Einige Tage später hat dies vom Wesen her auch der einstige Außenminister Grigol Waschadse wiederholt. Er hatte Saakaschwili in der Klinik „Vivamed“ aufgesucht, wo der 54jährige Ex-Präsident behandelt wird. Nach Aussagen von Waschadse hätten sie sich über die Ukraine und über den Regierungsrücktritt in Italien unterhalten sowie andere Themen außer Fragen im Zusammenhang mit Georgien tangiert. „Dies hat aufgehört, ihn zu interessieren… Jetzt ist er mehr mit den Problemen seiner Gesundheit beschäftigt. Man muss den Ex-Präsidenten zu einer Heilbehandlung ins Ausland schicken. Dies ist offensichtlich. Daran arbeiten nicht wenige Menschen auf internationaler Ebene“, erklärte Waschadse. Nach seinen Worten werde, wenn Saakaschwili wirklich beschlossen habe, die georgische Politik zu verlassen, dies sehr viel für die „Nationale Bewegung“ verändern. Und in der Geschichte Georgiens werde ein bedeutendes Kapital abgeschlossen.
Dass selbst ein zeitweiliges Verlassen der georgischen Politik durch Saakaschwili die bestehenden Kräfteverhältnisse verändere, meinte auch der Vertreter der oppositionellen Partei „Agmaschenebeli-Strategie“, Paata Mandschgaladse. „Die Offiziellen werden seine Figur nicht als Schreckgespenst verwenden können. Die Partei „Georgischer Traum“ wird nicht mehr die Aufmerksamkeit des Elektorats auf eine „schreckliche“ Rückkehr von Michail Saakaschwili an die Macht akzentuieren können. Es wird sich die Polarisierung verringern. Dies aber hat gerade Saakaschwili zu entscheiden, der ein Gefangener der Herrschenden bleibt“, erklärte Mandschgaladse.
Der Anführer noch einer Oppositionspartei, der 2020 gegründeten „Bürger“-Partei, Aleko Elisashvili, ist davon überzeugt, dass das Gerede von einem Verlassen der Politik durch Saakaschwili ein Zeichen dafür sei, dass zwischen ihm und den Offiziellen ein Deal vorbereitet werde. „Er verspricht, sich nicht in die inneren Angelegenheiten Georgiens einzumischen, und die Herrschenden werden ihm erlauben, ins Ausland zu gehen, um sich dort behandeln zu lassen“, sagte Elisashvili. Er bezeichnet solch einen Verlauf der Ereignisse als einen nützlichen auf für die „Nationale Bewegung“, in der nach dem Weggang von Saakaschwili ein Prozess einer Gesundung der Partei beginnen könne.

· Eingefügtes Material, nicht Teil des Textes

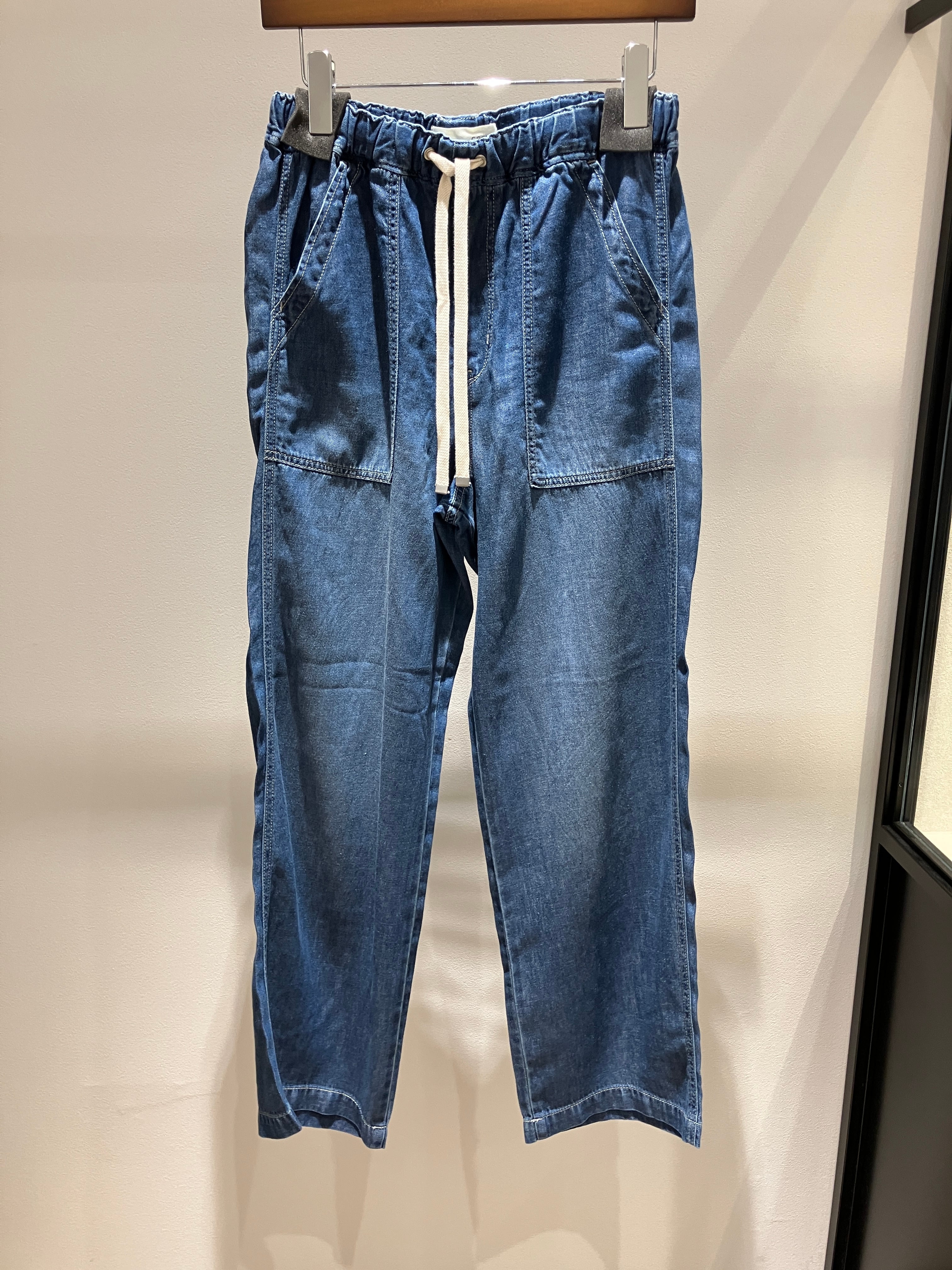 ベイカーパンツを、ドレープ性のある柔らかなデニム素材でアップデート。デニム特有の硬さがなく、落ち感のあるしなやかな生地が、きれいめなシルエットを演出します。ウエストゴムとゆとりのあるサイズ感で快適な穿き心地。麻を模した特殊なテンセル素材を使用しています。

Seinen Standpunkt begründete Elisashvili damit, dass Saakaschwili keine Führungskraft für das künftige Georgien sei. Mehr noch, er habe sich als Politiker in der Heimat erschöpft und bremse vom Wesen her die politischen Prozesse, was den Offiziellen zum Nutzen gereichen würde. „Alle werden dadurch gewinnen, dass Saakaschwili aufhören wird, sich in die einheimische Politik einzumischen – sowohl die Herrschenden als auch die Opposition und das Volk“, resümierte Elisashvili.

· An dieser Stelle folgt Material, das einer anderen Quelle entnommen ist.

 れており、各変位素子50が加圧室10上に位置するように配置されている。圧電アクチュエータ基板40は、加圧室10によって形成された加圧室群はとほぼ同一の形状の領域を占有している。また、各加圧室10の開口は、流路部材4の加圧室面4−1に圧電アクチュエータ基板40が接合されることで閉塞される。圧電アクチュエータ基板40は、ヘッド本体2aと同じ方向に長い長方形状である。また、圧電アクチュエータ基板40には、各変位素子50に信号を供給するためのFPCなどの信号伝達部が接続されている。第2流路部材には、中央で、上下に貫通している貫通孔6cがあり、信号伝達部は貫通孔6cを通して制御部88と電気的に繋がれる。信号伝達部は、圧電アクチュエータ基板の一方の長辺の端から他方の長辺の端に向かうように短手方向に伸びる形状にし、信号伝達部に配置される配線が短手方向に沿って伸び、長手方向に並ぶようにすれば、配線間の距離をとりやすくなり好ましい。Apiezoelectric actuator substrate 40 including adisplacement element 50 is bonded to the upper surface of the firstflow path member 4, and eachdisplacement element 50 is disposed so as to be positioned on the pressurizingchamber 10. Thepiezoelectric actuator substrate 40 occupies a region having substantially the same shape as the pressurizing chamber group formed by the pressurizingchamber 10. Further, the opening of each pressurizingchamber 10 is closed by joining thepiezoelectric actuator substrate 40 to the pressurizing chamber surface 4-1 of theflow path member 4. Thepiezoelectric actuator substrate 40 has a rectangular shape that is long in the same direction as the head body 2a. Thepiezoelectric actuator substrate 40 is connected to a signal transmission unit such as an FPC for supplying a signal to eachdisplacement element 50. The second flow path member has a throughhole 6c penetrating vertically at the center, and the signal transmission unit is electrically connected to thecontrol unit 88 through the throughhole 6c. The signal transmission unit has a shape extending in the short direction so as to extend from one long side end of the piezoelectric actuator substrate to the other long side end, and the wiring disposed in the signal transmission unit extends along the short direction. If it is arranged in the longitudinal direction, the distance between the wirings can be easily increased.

Es sei daran erinnert, dass Michail Saakaschwili, nachdem die Behörden Georgiens die Fahndung nach ihm aufgrund einer Reihe von Rechtsverstößen ausgeschrieben hatten, am 29. September 2021 illegal in die Heimat zurückgekehrt war. Wenige Tage wurde dies bekannt. Und der Ex-Präsident wurde festgenommen und ins Gefängnis der Stadt Rustawi gebracht. Zu den bereits gegen ihn eingeleiteten Verfahren kam noch eines hinzu – illegaler Grenzübertritt. Hinsichtlich einiger Episoden hat das zuständige georgische Gericht bereits Schuldsprüche verkündet und Saakaschwili insgesamt zu acht Jahren Freiheitsentzug verurteilt. Derzeit wird sein Fall über den Diebstahl von neun Millionen Lari (etwas mehr als drei Millionen Dollar) aus dem Staatshaushalt verhandelt. Aufgrund des Gesundheitszustands weigert sich Saakaschwili, an den Sitzungen des Gerichts teilzunehmen. Daher ist der Prozess bis zum 20. September vertagt worden.